On the Equilibrium Intermetallic Phase in Mg-Nd-Ag Alloys

Abstract

The equilibrium intermetallic phase in Mg-Nd-Ag alloys has not been well understood. In this work, intermetallic particles in the solution-treated microstructure of commercial magnesium alloy QE22 (Mg-2.5Ag-2.0Nd-0.7Zr, wt pct) have been investigated using scanning electron microscopy, electron diffraction, atomic-resolution imaging and mapping techniques of scanning transmission electron microscopy (STEM) and thermodynamic modelling. The intermetallic particles are distributed in the inter-dendritic regions. They have coarse irregular shape and share the same crystal structure. The intermetallic phase (designated δ) is determined to have an orthorhombic structure (space group Cmcm, a = 1.02 nm, b = 1.18 nm, c = 1.00 nm) and a composition of NdAgMg11, which are different from those reported previously.

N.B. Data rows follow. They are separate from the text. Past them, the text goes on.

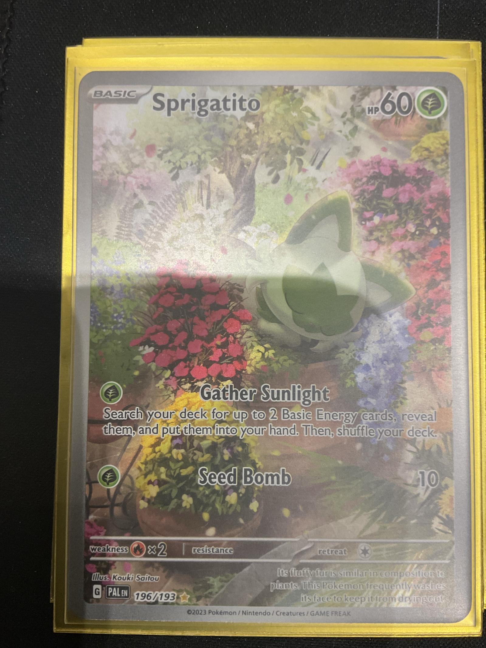 Sprigatito card from the Pokemon Scarlet & Violet Promo set, card number 196 out of 193. Illustrated by Kouki Saitou. Foil holo treatment. Language: English. Playable basic Grass-type Pokemon with attacks Gather Sunlight and Seed Bomb. This card features a special set code PAL and is collectible as well as usable in current meta decks.
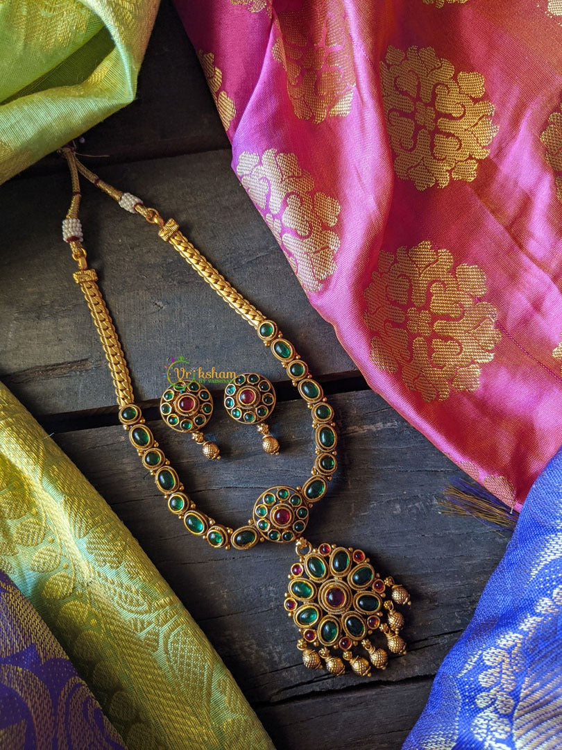 MAKE MATERIAL – This beautiful Kemp Neckpiece with earrings is made of gold look alike finish with Kemp stones
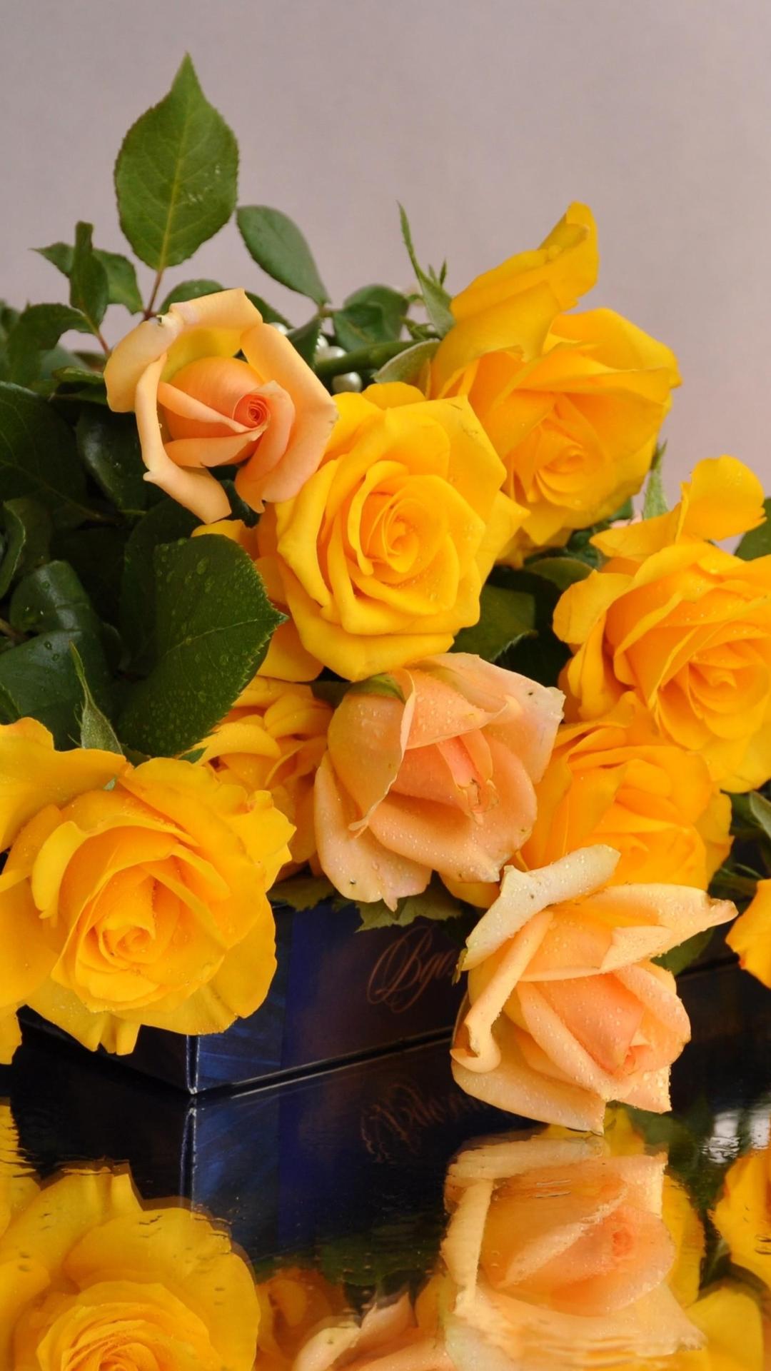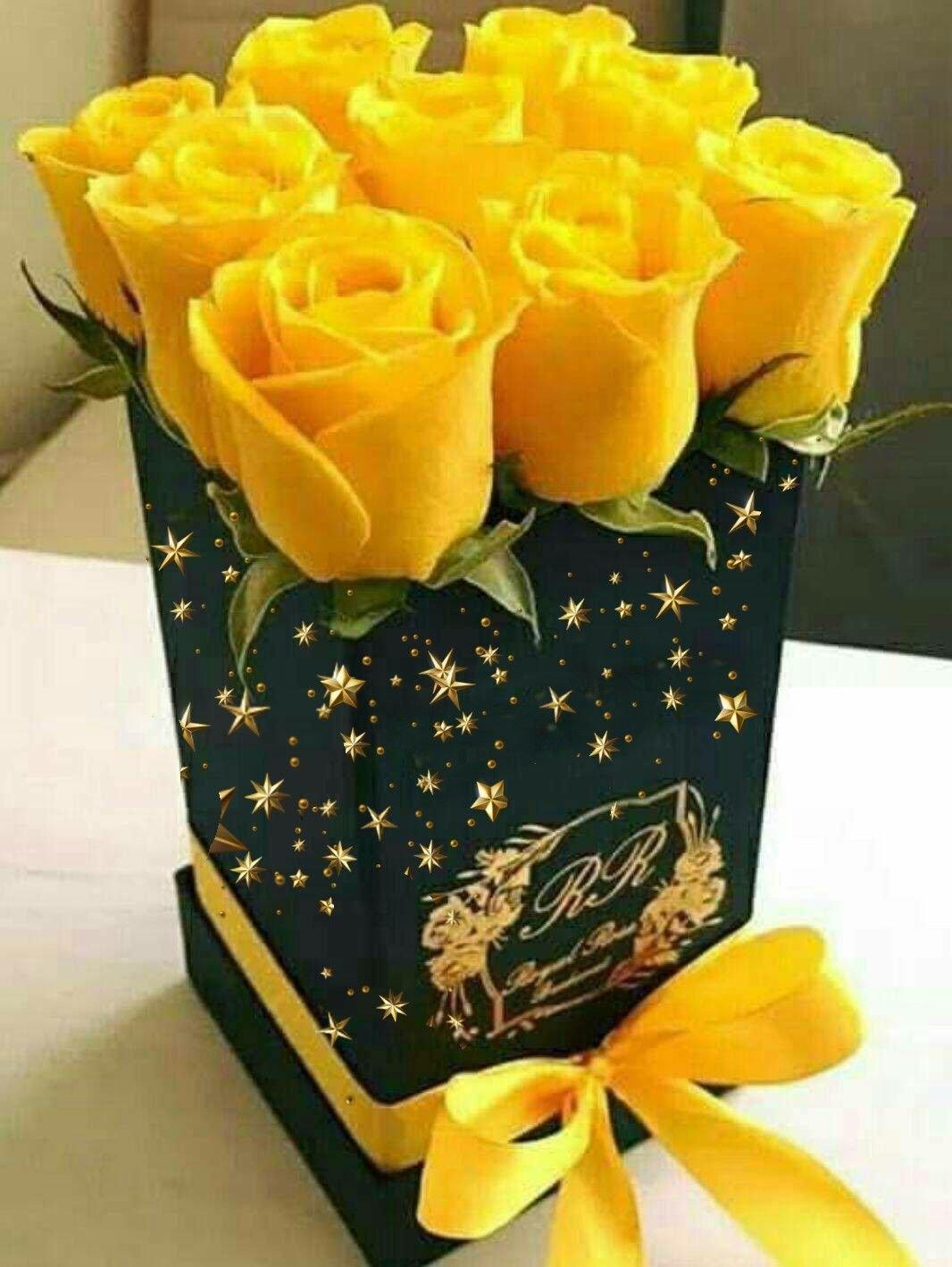 коробка с желтыми розами

An atomic model is proposed for the δ phase based on atomic-resolution STEM images and atomic-scale energy-dispersive X-ray spectroscopy maps. The δ lattice is structurally related to that of Mg12Nd phase in binary Mg-Nd alloys. The Gibbs energy of formation of NdAgMg11 is determined from the equilibrium study at 793 K (520 °C), including the entropy of formation using the present experimental phase analysis data obtained at lower temperature. Implications to the formation temperature range and thermal stability of this phase and alloy solidification are discussed based on the calculated Mg-Nd-Ag phase diagram and Scheil solidification paths of alloys.